I set the goal of making a license plate recognizer in a weekend. This is my first image processing project. It's a simple solution, using a very curated set of images (good quality, parked cars, good lighting, etc.). I'm being not so careful with the image filters, thresholds, and the filtering of the contours, since I just wanted to learn the processes and workflow- if I wanted to make it work for a real project, now I know exactly how to approach it and which parts I would have to nitpick. Now let's get to the procedure.
Let's use this picture as an example.
First step is turning it into a grayscale image:
def grayscale(img):
return cv2.cvtColor(img, cv2.COLOR_BGR2GRAY)
Now we apply a threshold. This time I used hard-coded parameters, but in a real-world scenario I would have to be careful in this step. Notice how defined the license plate looks after the threshold:
def apply_threshold(self, img):
return cv2.threshold(img, 170, 255, cv2.THRESH_BINARY_INV)[1]
Then using OpenCV we detect the contours:
def find_contours(self, img):
return cv2.findContours(img, cv2.RETR_LIST, cv2.CHAIN_APPROX_SIMPLE)[0]
And now we filter them by aspect ratio, width and height. I searched for the real width and height of the license plates, and calculated the aspect ratio.
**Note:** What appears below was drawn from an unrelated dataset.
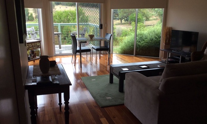 . With floor to ceiling windows and spacious deck you can enjoy the spectacular valley views across our rural property to the Otway National Park.

With these filters, we end up with only one contour, that being the license plate.
Now we can crop the license plate out of the image:
def crop_license_plate(self, img, license):
x, y, w, h = cv2.boundingRect(license)
return img[y:y+h,x:x+w]
Once again, grayscale it and apply a threshold:
Now using an skimage function we remove the borders, invert the image, and this is the final result:
def clear_border(self, img):
return skimage.segmentation.clear_border(img)
def invert_image(self, img):
return cv2.bitwise_not(img)
We can already feed this picture to pytesseract and it succesfully recognizes the characters.